Members of the Organization of the Petroleum Exporting Countries are scheduled to meet next week in Vienna nearly two years after crude oil prices began their slide.
In late 2014, Saudi Arabia and its Persian Gulf allies declined to restrict oil production by the cartel partly due to hopes that lower prices would snuff out higher-cost drilling operations, particularly in North America.
Although North American producers proved resilient and many OPEC nations saw their budgets hammered by lower oil revenues, the group elected to maintain high output levels late last year.
Now, The Wall Street Journal reports that OPEC will soon see its lowest spare production capacity in eight years -- just as production cuts and supply shortages finally begin to raise the price of oil.
Spare production capacity, the Journal notes, is the amount the group can bring online within 30 days and sustain for at least 90. Saudi Arabia accounted for nearly all of OPEC's excess capacity, but its oil investments waned along with the price of crude in recent months.
Oil stored during the price decline helped even out the market during the recent shortages caused by a variety of factors, from labor strife in Kuwait to violence in Nigeria to wildfires in Canada.
Should those reserves run out, however, analysts suggested that Saudi Arabia won't be able to substantially increase its production in short order.
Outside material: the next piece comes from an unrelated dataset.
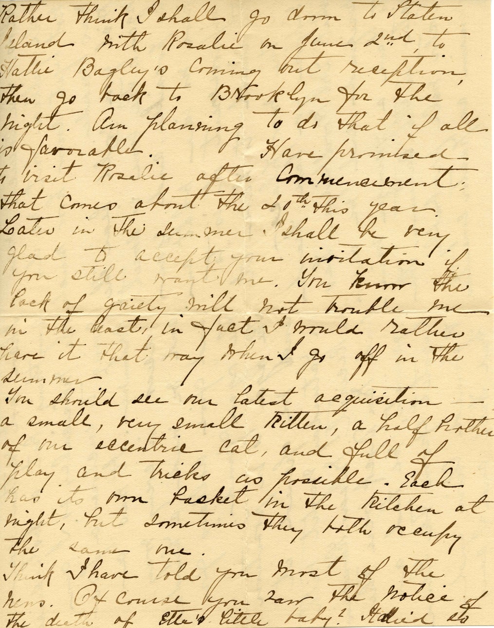 Rather think I shall go down to Staten Island with Rosalie on June 2nd to Nellie Bagley's coming but reception, then go back to Brooklyn for the night. Am planning to do that if all is favorable. Have promised to visit Rosalie after Commencement that comes about the 20th this year. Later in the summer I shall be very glad to accept your invitation if you still want me. You know the lack of gaiety will not trouble me in the least; in fact I would rather have it that way when I go off in the summer. You should see our latest acquisition—a small, very small kitten, a half brother of our eccentric cat, and full of play and tricks as possible. Each has its own basket in the kitchen at night, but sometimes they both occupy the same one. Think I have told you most of the news. Of course you saw the notice of the death of Ella's little baby? It did so

That could pose a problem for the price of oil, particularly after the International Energy Agency earlier this year indicated that falling oil investments "raise the odds of unpleasant oil security surprises in the not-too-distant future."
“Inventories may seem high now, but if we get an outage somewhere of 1 million barrels a day for a period of three months, that’s 90 million barrels gone,” Yasser Elguindi of Medley Global Advisers told the Journal.